Sharansky recounts how, visiting Rutgers as a governmental minister, he took a pie in the face at the hands of a Jewish student, founder of “Central Jersey Jews Against the Occupation.” He takes the episode with obvious good humor—a man who suffered solitary confinement will not be daunted by a pie—but it is hard not to cry when reading of it. A man suffers in prison, heroically dedicates himself to human rights and to the Jewish people, only to have baked goods thrown in his face by a Jewish college student who has done nothing with his life.

But here is what is unexpected—and inspiring. Sharansky refuses to give up on the segment of American Jewry that is becoming distanced from Israel. I myself have watched with wonder as he, in his current project, guides and inspires young Israelis to serve as shlichim, representatives of the Jewish state to Diaspora Jews, on the very college campuses where he was once decried. And in feeling bound to the very Jews who have rejected the true message of Isaiah, Sharansky shows himself worthy of the prophet’s mantle. Upon hearing God’s call to minister to Israel, Isaiah denounces the people to whom he has been sent: “Then said I, Woe is me! for I am undone; because I am a man of unclean lips, and I dwell in the midst of a people of unclean lips….Then flew one of the seraphims unto me, having a live coal in his hand…. And he laid it upon my mouth.” For the rabbis, Isaiah’s lips are burned because he has insulted Israel; Isaiah’s first lesson is that the prophet must love his people even when they do not deserve it.
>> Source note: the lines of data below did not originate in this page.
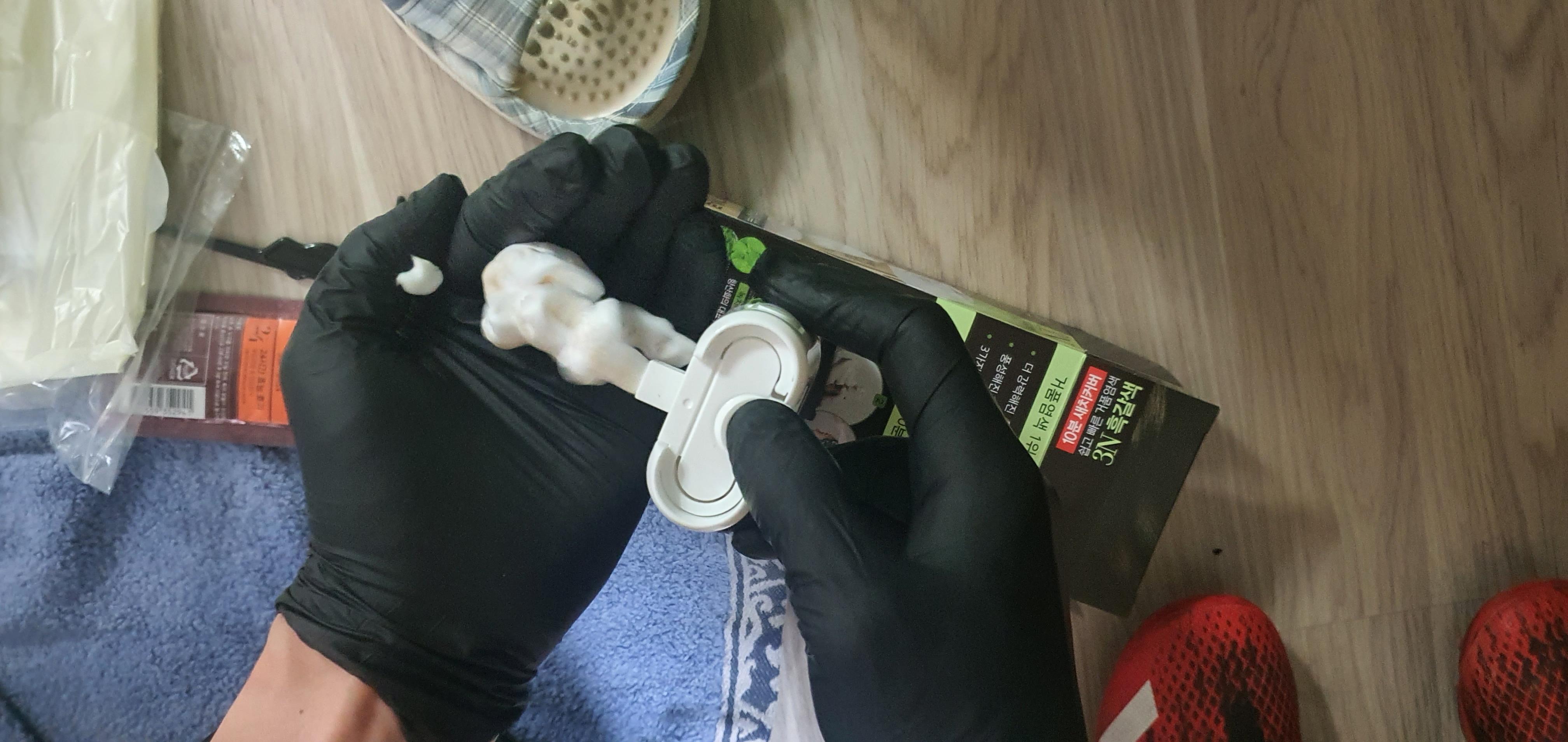 그래서 저는 염색약을 이용할 시에는 위 사진과 같이 손에 그립감이 있고 밀착이 잘 되는 쉐프 장갑을 별도로 구매하여 사용합니다. 염색약이 어두운 색이여서 장갑도 흑색을 사용하면 반복해서 사용이 가능합니다.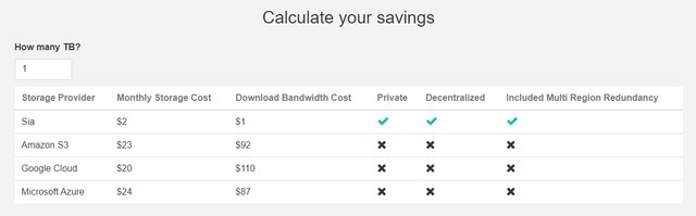 기존의 클라우드시스템인 amazon의 경우 23달러의 비용이 발생하지만 sia는 오직 2달러만을 필요로합니다.(한달 1TB기준)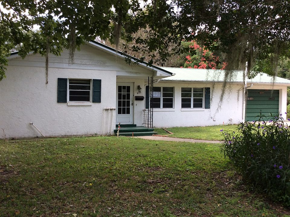 Concrete block 2 bedroom 1 and a half bath with metal roof located in Crescent City. This house features a 200 amp service, one car garage, new a/c, heat, new 50 gallon hot water heater, new laminate flooring, fresh paint inside, fenced back yard with beautiful crape myrtle.
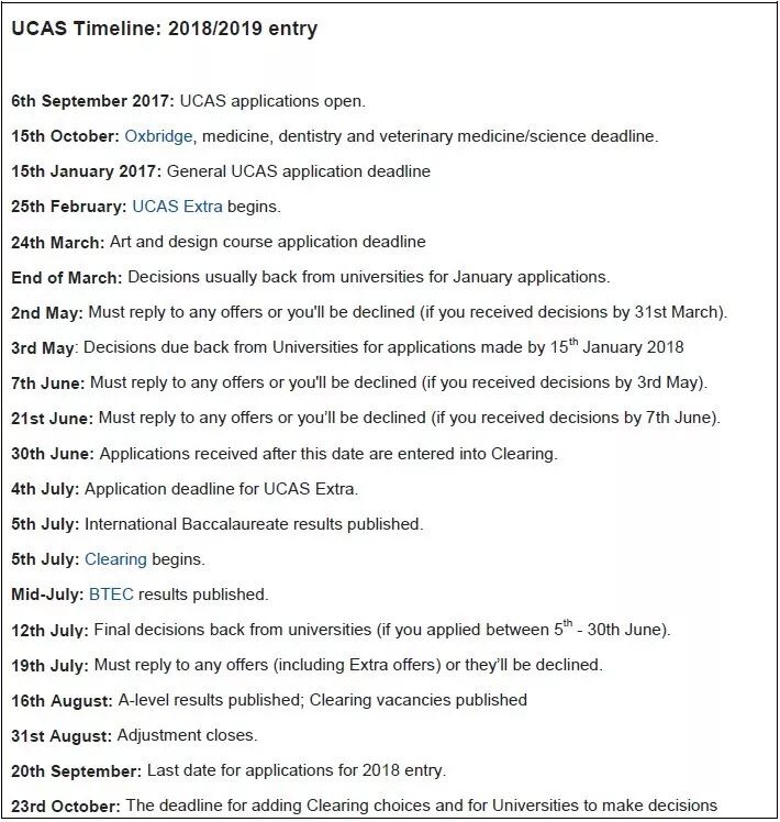 更多细节,详见官网:https://www.ucas.com/undergraduate/after-you-apply/types-offer/extra-choices 补录 Clearing ◎ 补录的开放时段是7月5日—10月23日左右。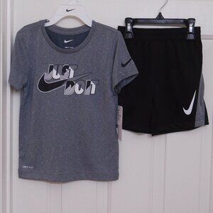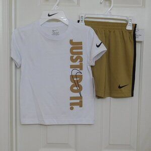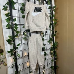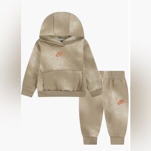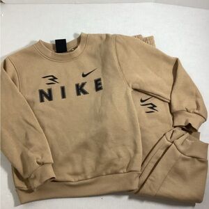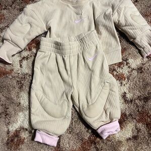 Charming Nike baby outfit in beige. Features a cozy long-sleeve onesie and matching pants. Ideal for everyday wear.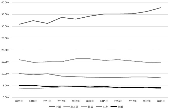 纺织品进口:中国份额大但10年来占比变化不大,印度占比缓慢提升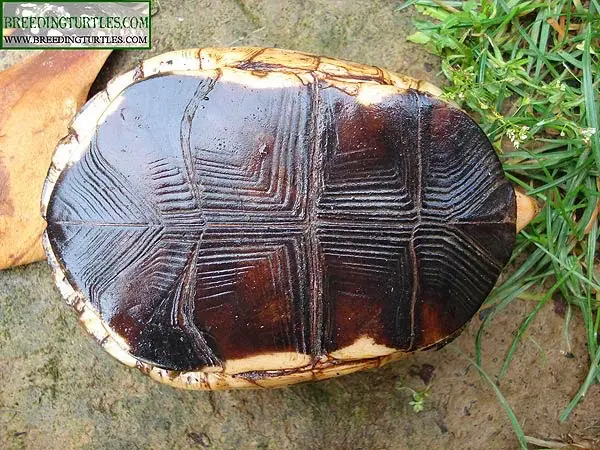 Morfología: Tiene el caparazón de color marrón, con el centro de los escudos más claro, de color anaranjado. Tiene una quilla longitudinal de color naranja claro.

It is this love that Sharansky always makes manifest. Sharansky describes meeting Nelson Mandela, who suggested that imprisonment in South Africa had been easier than in the Gulag, for Mandela had been able to see his compatriots.

When Sharansky protested that he, too, had felt a communion with Jews around the world, Mandela smiled: “I read your book. It was all in your imagination. My people were with me in real life, all the time.” The new book’s title is a response to Mandela. Sharansky truly never felt alone because he loved his people, and always will.

Israelis are not all disciples of David; nor are Diaspora Jews of Isaiah. But Sharansky, in his own life, captures the spirit of both; in prison he never gave up on God, and in freedom he never gave up on the Jews. Rabbi Joseph Soloveitchik once commented that one of the premises of Judaism is faith in the Jewish people. “It is not,” he reflected, “an easy faith.” This faith has driven Sharansky his whole life. We cannot help but be awed by it, and pray that his faith be vindicated soon.